TASK OBJECTIVE> Please give the lines below again exactly as they stand, from the one that contains "The shareholders of" up to and including the one that contains "9 октября обучающиеся", leaving all pictures out.

EXTRACTED MATERIAL>

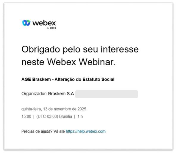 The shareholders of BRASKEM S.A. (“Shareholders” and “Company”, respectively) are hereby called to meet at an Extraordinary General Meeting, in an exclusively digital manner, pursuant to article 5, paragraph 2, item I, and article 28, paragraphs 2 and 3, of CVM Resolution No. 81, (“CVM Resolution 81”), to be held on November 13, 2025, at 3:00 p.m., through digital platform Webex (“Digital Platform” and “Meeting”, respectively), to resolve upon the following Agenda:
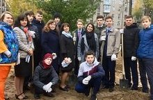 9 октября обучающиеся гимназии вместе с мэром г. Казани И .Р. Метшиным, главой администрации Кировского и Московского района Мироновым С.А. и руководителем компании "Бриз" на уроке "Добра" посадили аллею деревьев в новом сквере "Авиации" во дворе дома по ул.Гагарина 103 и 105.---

---

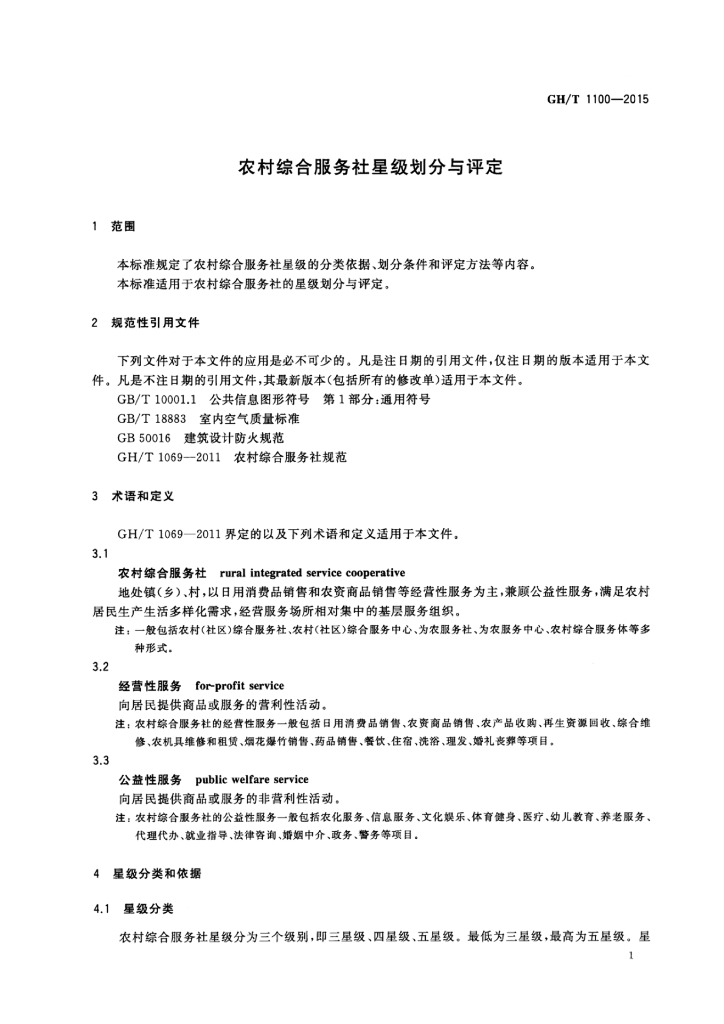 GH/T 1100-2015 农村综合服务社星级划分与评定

COMPLETED TASK>
 The shareholders of BRASKEM S.A. (“Shareholders” and “Company”, respectively) are hereby called to meet at an Extraordinary General Meeting, in an exclusively digital manner, pursuant to article 5, paragraph 2, item I, and article 28, paragraphs 2 and 3, of CVM Resolution No. 81, (“CVM Resolution 81”), to be held on November 13, 2025, at 3:00 p.m., through digital platform Webex (“Digital Platform” and “Meeting”, respectively), to resolve upon the following Agenda:
 9 октября обучающиеся гимназии вместе с мэром г. Казани И .Р. Метшиным, главой администрации Кировского и Московского района Мироновым С.А. и руководителем компании "Бриз" на уроке "Добра" посадили аллею деревьев в новом сквере "Авиации" во дворе дома по ул.Гагарина 103 и 105.---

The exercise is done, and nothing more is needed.